Letter to the editor 12.6.11

Dear Leader,

As regards your front page article on the budget it is my impression that you missed an opportunity for starting a critical discussion on how universities are funded and how those funds are spent.  To focus on the top fiver earners, compare those earners to industry averages and analyze the budget woes of simply the past year are to ignore endemic and systematic problems that plague higher education as a whole.

Two trends in particular are of concern for students.  The first is that universities have increasingly come to rely on low paid, part-time workers to shoulder an increasing amount of an institutions teaching load.
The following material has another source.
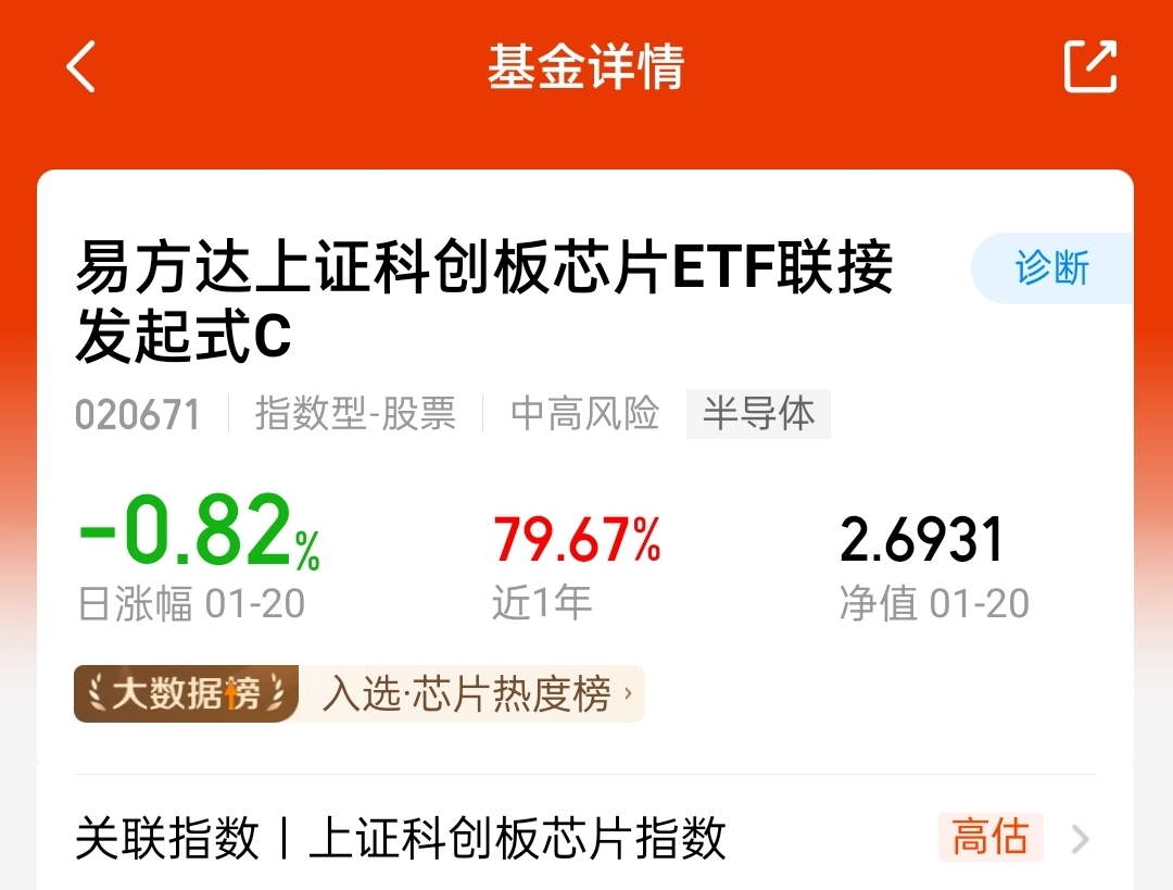 易方达上证科创板芯片指数C,近一年涨近80%,近一个月张静20%,持仓聚焦芯片产业链核心企业,如海光信息、澜起科技、中芯国际等,从设计、制造、设备全链条都有。看多理由:国产替代加速推进,政策红利持续释放,技术提升,综合考量,半导体板块继续看涨。

For large schools like U of I, this would be done by graduate students.  For smaller schools like Elmhurst this burden is taken up by adjuncts.

The second is an increasing amount of spending being put into ‘periphery’ uses.  By periphery, I mean those uses that do not directly contribute to the primary good that universities are said to provide: education.  This is caused by increasing amounts of being spent on expanding bureaucracies and non-core uses.

Generally good economic times, the perceived great value of higher education, and the ready availability of credit on generous terms for educational purposes (student loans) have allowed universities to in the past generally ignore the tension created by an expanding administration and skimping on core teaching staff.   These problems plague the entire industry and are hardly unique to EC.

Yet, the result is for students to be paying for what in many respects is a sham product.  Many adjuncts can be found teaching for only slightly lower rates at local community colleges.  Hence, it is the same product with different labeling and it is that brand that students end up paying the difference for.

In this respect EC’s current budget woes and need to increase tuition are merely the result of intractable and endemic problems that have been plaguing universities for years.  It is this story that your article on the budget has missed and it is this story that students across the country need to be concerned about.